Hmm. Then you ignore me so of course I believed her.” What is it with the O’Shea family? I think they make it their mission to make me cry as much as possible.

  “For fuck sake Jess, you should have known that I wouldn’t do that. Fuck, I thought you knew me.” He’s still pacing and it’s getting on my nerves. “Why would you even think that?”

  “You didn’t give me any reason to think that it was untrue, did you? You ignored me and then you buggered off to Devon, and you didn’t once look back.” All the anger I have towards him is coming out. I didn’t want this to happen.

  “You killed my child.” He screams at me.

  “What the hell are you talking about?”

  “You, you aborted my child.” His face contorts with disgust as he shouts it out, spit flying from his mouth as he does so.

  I’m up on my feet and in his face. “Why, are you such a bloody arsehole?

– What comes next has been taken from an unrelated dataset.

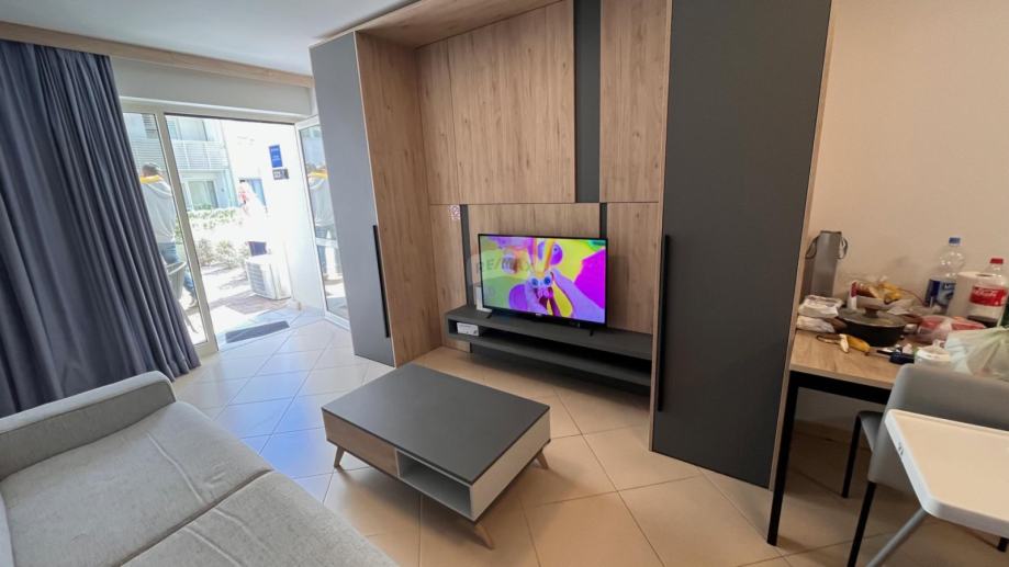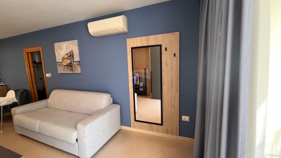 Stan se nalazi u prizemlju, s vlastitim ulazom, i sastoji se od open space prostora koji uključuje dnevni boravak/spavaću sobu, blagovaonicu i kuhinju. Velika staklena stijena pruža obilje prirodne svjetlosti i izlaz na terasu od 17,38 m², savršenu za opuštanje uz pogled na more.
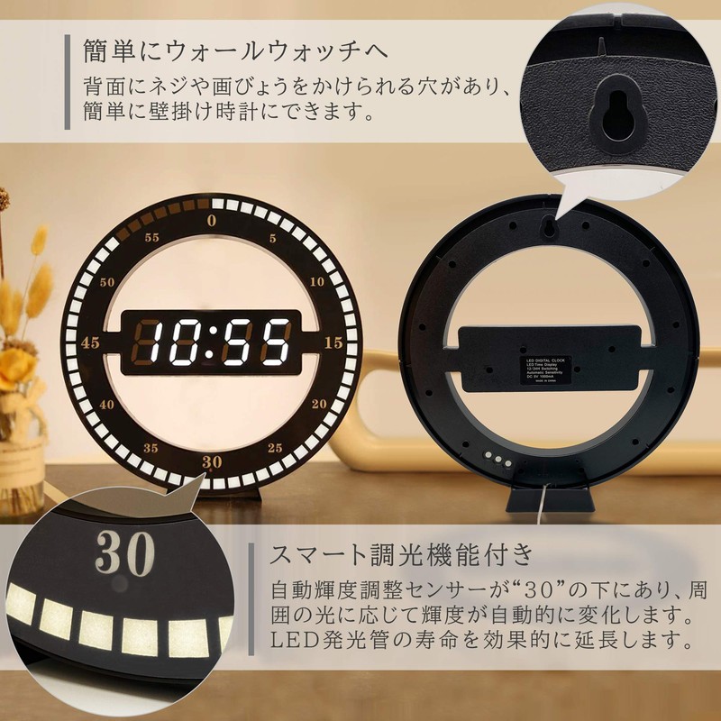 VANGOOD LED Digital Clock, Wall Clock, Automatic Brightness Adjustment, 12H/24H Time Display Mode, Round Shape, Stylish

I didn’t abort your child, I rang and texted you every day throughout my pregnancy.” The tears are flowing and my anger is at the surface ready to burst out at any moment.

  He stops his incessant pacing and faces me, and I see that I’m not the only one with tears in their eyes, only mine are flowing down my face. “You didn’t have an abortion?” I shake my head. “So is Emme mine?” I nod. I can’t believe he didn’t know this, who had his phone then? “Why the fuck didn’t you tell me? You made me believe she was someone else’s!”

  Why is he yelling at me? “When the hell did I make you believe Emme was someone else’s? I have never said that. Hell, I tried to tell you about her, I rang you every day, you never answered, so the day that Emme was born, I left a voice message, you never replied so we went on with our lives.”